E. Coli Growth in DI, DDW, and D2O Data

From FigShare:

E. coli growth in D2O, DDW, and DI. Anthony Salvagno. Figshare.
Retrieved 01:18, Apr 26, 2012 (GMT)
hdl.handle.net/10779/e186403d944367bcbf5bdd9ed6977a88

The handle is a broken link for some reason so here is the direct link until that gets resolved.

And some notes:

  •  Right when I was collecting data for the last set, I noticed that the incubator/shaker wasn’t running. Basically it wasn’t shaking. The reason for this is that the lid technically was open. Usually I have to lean on the shaker to get it to close properly, but for some reason that wasn’t working. I then had to spend about 15 min trying to fix it (which I did), and I’ll post my fix for it tomorrow. Bicep kiss on that (Note: don’t google bicep kiss with safe search off).
  • For some reason the data at hour four regresses.
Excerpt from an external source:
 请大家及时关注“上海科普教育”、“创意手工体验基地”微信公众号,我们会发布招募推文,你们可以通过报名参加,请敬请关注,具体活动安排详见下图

By that I mean the e. coli absorption was less than it was at hour 3 for the D2O sample (and for the other two I believe). It continued to regress for hour 5, but the other two samples did not.
  • Also I haven’t analyzed the growth, but based on the numbers it appears that the cells divided faster in 33% D2O than the rest of the samples. I have no idea what’s going on here.
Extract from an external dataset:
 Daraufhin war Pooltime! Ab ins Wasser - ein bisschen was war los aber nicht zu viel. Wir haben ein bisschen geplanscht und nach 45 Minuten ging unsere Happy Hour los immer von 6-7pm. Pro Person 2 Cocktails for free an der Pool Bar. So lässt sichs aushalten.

For tomorrow, I don’t think I’ll be redoing this experiment. So I’ll just do another starter culture and try it for Friday. I’ll also do cultures in DDW, 30% D2O, 60% D2O, and 99% D2O.

Now big important question. Should I autoclave the DDW and D2O LB Broth mixes? Keep in mind the major fear of deuterium exchange.

  • http://stevekochscience.blogspot.com Steve Koch

    I don’t think you should autoclave, since it’s steam and you need to keep the lids open, so I’d expect a lot more exchange.  I think sterile filtering (0.2 micron) (you can buy 500 ml thingy’s that work with a vacuum, or maybe even gravity) would be much better.